Keeping homework in mind is here to stay after closures, in part because many employees want it, which is a problem. Long working days kill hundreds of thousands of people a year, an innovative World Health Organization to study he said last month. It was found that more than 55 hours of work a week can be risky.

It is not uncommon for governments around the world to face growing pressure for workers to have something considered a suspicious novelty: the right to disconnect.

This is spreading faster than one might think, and not just in docile, white-collar labor. Victoria Australian state police recently won the right to shut down after hours on what their employee was doing said the association it was the first such agreement for a law enforcement agency. People were “tired of feeling on duty 24 hours a day” and needed an opportunity to rest and recover, the association said. There are too many work messages outside of banal hours or they could easily wait.

Ireland introduced a code of conduct on the right to disconnect in April and Canada is studying a similar action, just like other countries.
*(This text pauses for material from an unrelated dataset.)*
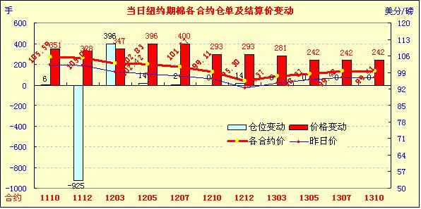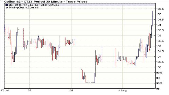 8月1日,紐約期棉2011/12棉花年度和一個(gè)交易日,當(dāng)日開(kāi)盤后成交清淡,窄幅震蕩。至午盤時(shí)各合約漲跌不一,前兩個(gè)合約小幅下跌。受上調(diào)債務(wù)達(dá)成協(xié)議影響,后段買盤涌入市場(chǎng),期棉大幅反彈,主力12月合約快速走高,超過(guò)上周高點(diǎn)104.44美分,并突破105美分關(guān)鍵阻力位,達(dá)到當(dāng)日最高點(diǎn)105.32美分/磅。盤終棉市全面收漲,10月合約收于105.59美分/磅,漲351點(diǎn);12月合約收于105.05美分/磅,漲328點(diǎn),為7月13日以來(lái)最高點(diǎn)。當(dāng)日外圍谷物市場(chǎng)普遍上揚(yáng)。

This is good. Fears that these measures will stifle the flexibility of employers are exaggerated. “It’s not nine to five,” says Andrew Pakes, research director at the UK’s Prospect union, which advocates for disconnection rights. “It doesn’t mean that people say, ‘It’s 5:22 p.m., so I won’t reply to that email.’ Nor does it mean that a global approach is needed. for more than four years a law has been established that obliges companies with more than 50 people to negotiate agreements on how best to shut down.
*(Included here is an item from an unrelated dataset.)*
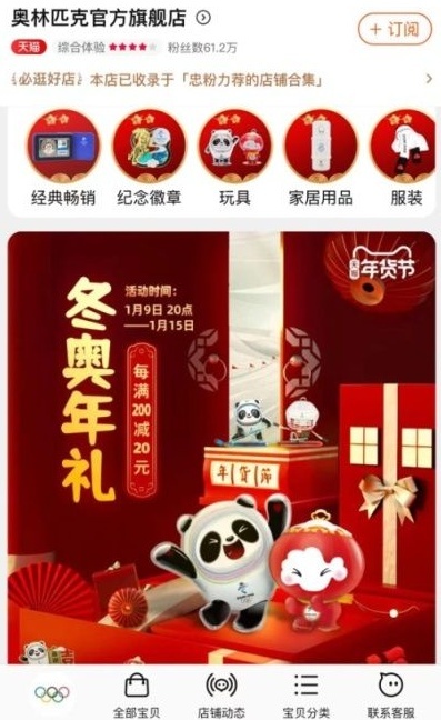 The photo shows the Olympic store on Tmall. (Photo/chinanews.com)

Workers at Orange’s telecommunications company in France should not respond to work messages on weekends, holidays or evenings, or when training, a spokeswoman said. In other companies, workers returning from vacation can spend a full day recovering what they lost without having to deal with customers or internal meetings, said Alex Sirieys, head of France’s international sector. FO-Com trade union.

Sirieys says not all disconnection policies are perfect. “It depends on the will of the CEO,” he told me last week. Success is also based on workers and managers simply talking to each other, he added, and using it common sense, or common sense. Either way, the ability to turn it off always made a lot of sense and never more than it does right now.